Roger『The Saga Continues...』

どこを切ってもRoger Troutman!楽しさ満載の2ndソロ☆Roger『The Saga Continues...』
The Saga Continues
発表年:1984年
ez的ジャンル:トークボックス系エンタメFunk
気分は... :そこにRogerの幻が...

今回はZappファミリーの総帥であった故Roger Troutmanの2ndソロ・アルバム『The Saga Continues...』(1984)です。

今月ビルボードライブ東京でZapp/Shirley Murdockの来日公演がありました。僕は行っていませんが、多くの人がそこに故Roger Troutmanの幻をイメージしてしまったのでは?

これまで紹介してきたZapp/Roger作品は以下の5枚。

 Zapp『Zapp II』(1982年)
 Zapp『Zapp III』(1983年)
 Zapp『The New Zapp IV U』(1985年)

 Roger『The Many Facets of Roger』(1981年)
 Roger『Unlimited!』(1987年)

今日紹介する『The Saga Continues...』(1984)はRogerの2ndソロであり、『The Many Facets of Roger』『Unlimited!』と比較すると地味な存在ですが、Roger Troutmanというミュージシャンの魅力が十分伝わってくる1枚です。

Zapp/Rogerの代名詞であるトークボックス全開のファンク・チューンを基本に、ソウル、ジャズ、ブルース、Hip-Hop、AOR、レゲエ等幅広い音楽性を聴かせてくれるのが楽しいですね。当時はまだ目新しかったHip-Hopのエッセンスを違和感なく取り入れる一方で、ソウル、ブルース、ジャズといった彼のルーツを再確認できる演奏を収められているのがグッときます!

レコーディングにはZappファミリー、Shirley Murdockといったお馴染みのメンバーをはじめ、The Mighty Clouds of Joy、Maceo Parker等が参加しています。

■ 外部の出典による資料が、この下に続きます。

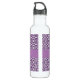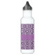 Refresh with this great customizable water bottle in a purple and white circular geometric pattern with lavender sash and custom name.

カヴァー1曲とBilly Beckとの共作1曲以外は全てLarry Troutman/Roger Troutman作です。

全曲紹介しときやす。

「In the Mix」
Zapp/Roger好きにはたまらないトークボックス全開のオープニングは。本作のハイライトに挙げる方も多いのでは?今聴き直すと、1984年時点でスクラッチ・ノイズを交えたファンク・チューンを創っている点にRogerのサウンド・クリエイターとしての貪欲さを感じます。
http://www.youtube.com/watch?v=uTSfbW16jYg
※エディット・ヴァージョンですがアルバム・ヴァージョンは約6分半の長尺です。

「Play Your Guitar, Brother Roger」
タイトルの通り、Rogerのギター・プレイを堪能できるのミッド・グルーヴ。ポップなファンク・サウンドにRogerのジャズ・テイストのギター・ソロが絡みます。こうしたファンクとジャズの融合もZapp/Rogerのお得意パターンですね。

「The Break Song」
この曲はあまりZapp/Rogerっぽくない狡猾さが漂うファンク・チューン。ここではRogerのブルージーなギター・プレイを聴くことができます。ここでもHip-Hopのエッセンスを取り入れ、途中ラップやスクラッチが挿入されています。そのさりげない取り入れ方にRogerのセンスを感じます。

「I Keep Trying」
Billy Beckとの共作によるAOR風メロウ・チューン。密かな人気曲なのでは?Zapp/RogerファンよりもAOR/ポップス・ファン向けの仕上がりです。予備知識なしで聴くとRoger作品とはわからないのでは?

「Midnight Hour」
本作のハイライト。ソウル・ファンにはお馴染みWilson Pickettの大ヒット曲のカヴァー(Wilson Pickett/Steve Cropper作)。ここでは大物ゴスペル・グループThe Mighty Clouds of Joyがコーラス参加しています。ハマりすぎのカヴァーですね。この曲がこれほどZapp/Roger流ファンク・サウンドやトークボックスに馴染むとは思いませんでした。エンタメ精神全開のZapp/Rogerワールドを堪能できます。

「Bucket of Blood」
リラックス・モードのブルース・チューン。Juke Joint(ブルース等の音楽が演奏される酒場)をテーマにした曲みたいですね。Roger以下のメンバーが純粋に演奏を楽しんでいる様子が伝わってきます。

「T C Song」
レゲエ調のリズムにフュージョン風サウンドとスキャットが絡むインスト・チューン。

「Girl, Cut It Out」
Wanda Rashのヴォーカル、Maceo Parkerのサックスをフィーチャーしたファンク・チューン。シングルにもなったキャッチーな仕上がりです。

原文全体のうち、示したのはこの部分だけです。